> [Directions for this task]: Leave out every picture and set down, exactly, the lines below from the one holding "Konkrétne sadzby miestnych" up to and including the one holding "Si delineano i".

START Entries provided

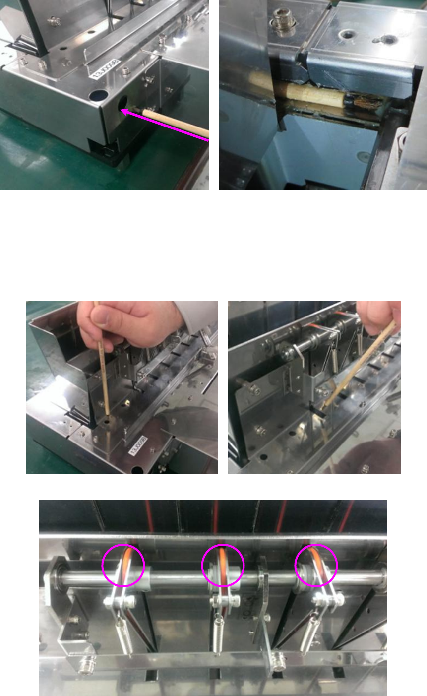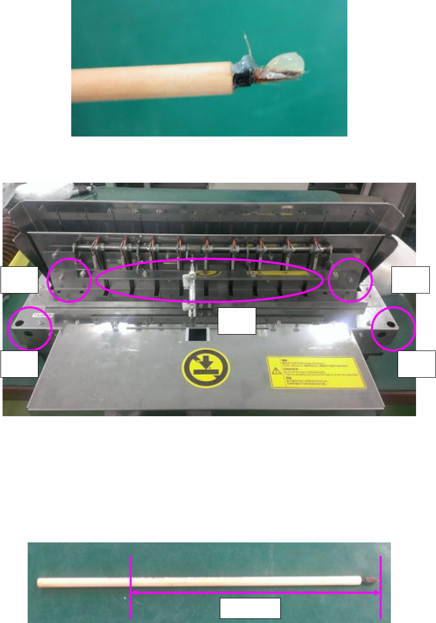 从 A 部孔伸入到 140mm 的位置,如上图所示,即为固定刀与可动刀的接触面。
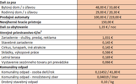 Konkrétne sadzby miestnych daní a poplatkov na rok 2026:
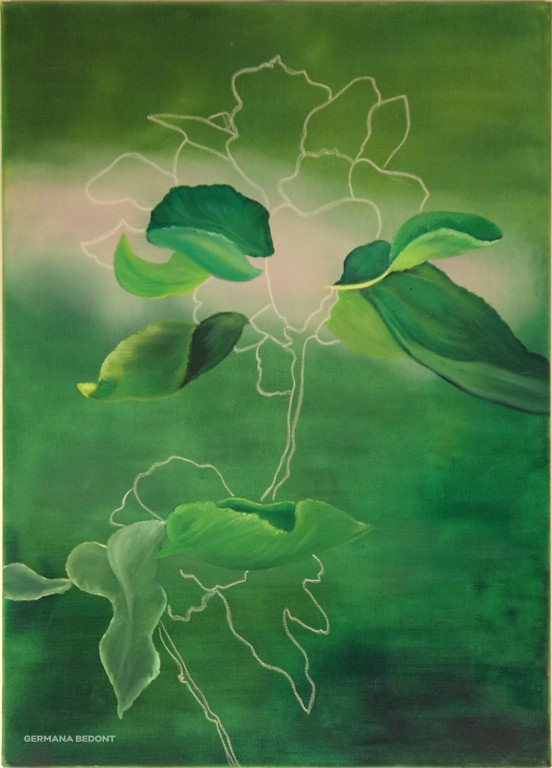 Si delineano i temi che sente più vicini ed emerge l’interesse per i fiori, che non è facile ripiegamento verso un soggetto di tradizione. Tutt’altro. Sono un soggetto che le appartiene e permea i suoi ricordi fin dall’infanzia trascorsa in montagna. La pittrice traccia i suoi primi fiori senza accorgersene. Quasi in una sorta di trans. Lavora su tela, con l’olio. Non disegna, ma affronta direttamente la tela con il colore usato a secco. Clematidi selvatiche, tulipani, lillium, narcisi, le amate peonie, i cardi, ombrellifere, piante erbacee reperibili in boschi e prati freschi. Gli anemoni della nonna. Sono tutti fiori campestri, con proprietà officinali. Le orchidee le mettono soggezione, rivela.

END Entries provided
START Entries provided

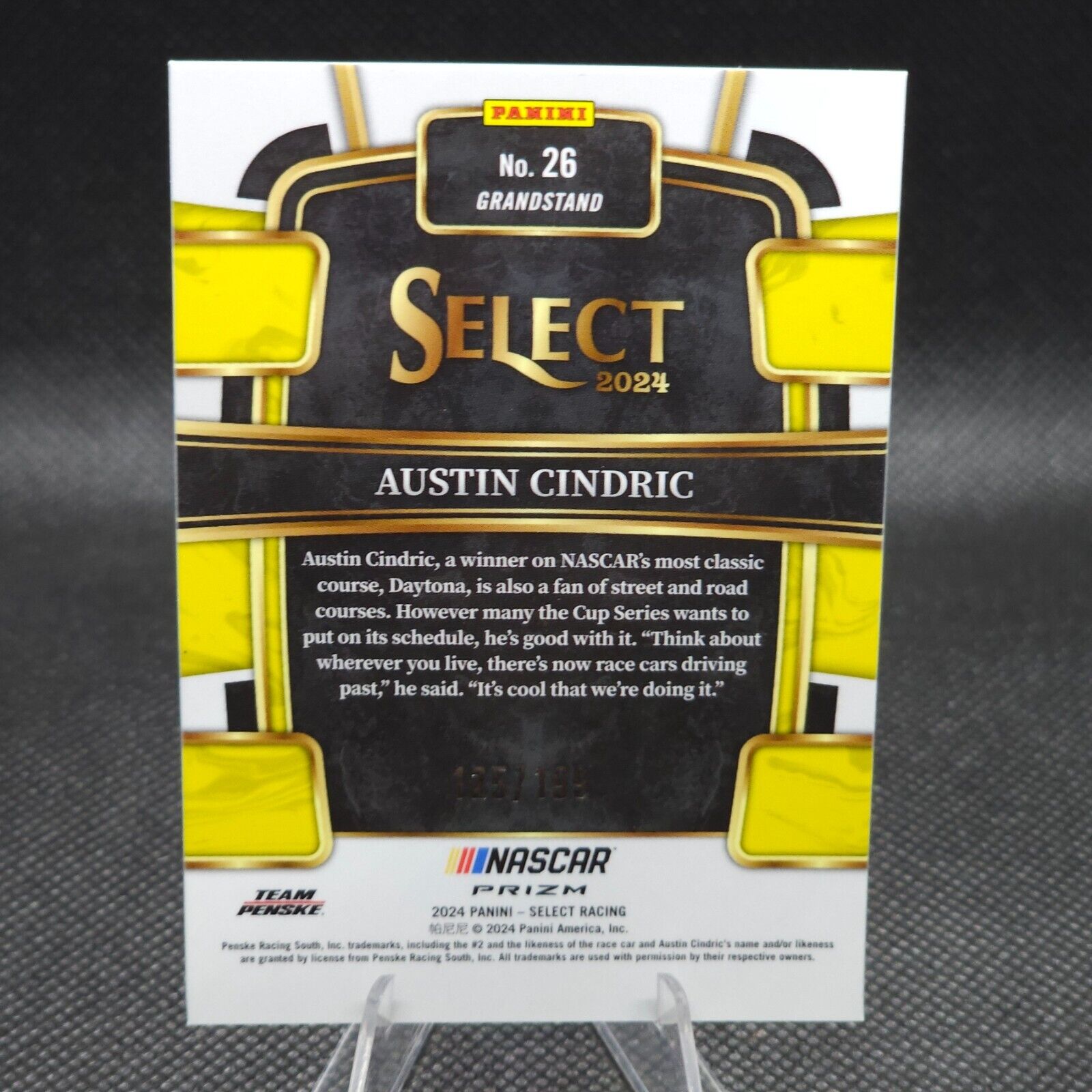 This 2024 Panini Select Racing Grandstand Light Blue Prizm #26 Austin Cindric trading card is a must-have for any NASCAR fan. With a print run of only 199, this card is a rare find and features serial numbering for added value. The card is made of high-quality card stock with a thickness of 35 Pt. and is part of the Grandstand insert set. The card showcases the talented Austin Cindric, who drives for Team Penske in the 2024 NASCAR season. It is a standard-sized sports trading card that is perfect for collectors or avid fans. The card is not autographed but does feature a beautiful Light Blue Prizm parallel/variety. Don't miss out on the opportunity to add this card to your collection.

END Entries provided

> [Output for this task]:
 Konkrétne sadzby miestnych daní a poplatkov na rok 2026:
 Si delineano i temi che sente più vicini ed emerge l’interesse per i fiori, che non è facile ripiegamento verso un soggetto di tradizione. Tutt’altro. Sono un soggetto che le appartiene e permea i suoi ricordi fin dall’infanzia trascorsa in montagna. La pittrice traccia i suoi primi fiori senza accorgersene. Quasi in una sorta di trans. Lavora su tela, con l’olio. Non disegna, ma affronta direttamente la tela con il colore usato a secco. Clematidi selvatiche, tulipani, lillium, narcisi, le amate peonie, i cardi, ombrellifere, piante erbacee reperibili in boschi e prati freschi. Gli anemoni della nonna. Sono tutti fiori campestri, con proprietà officinali. Le orchidee le mettono soggezione, rivela.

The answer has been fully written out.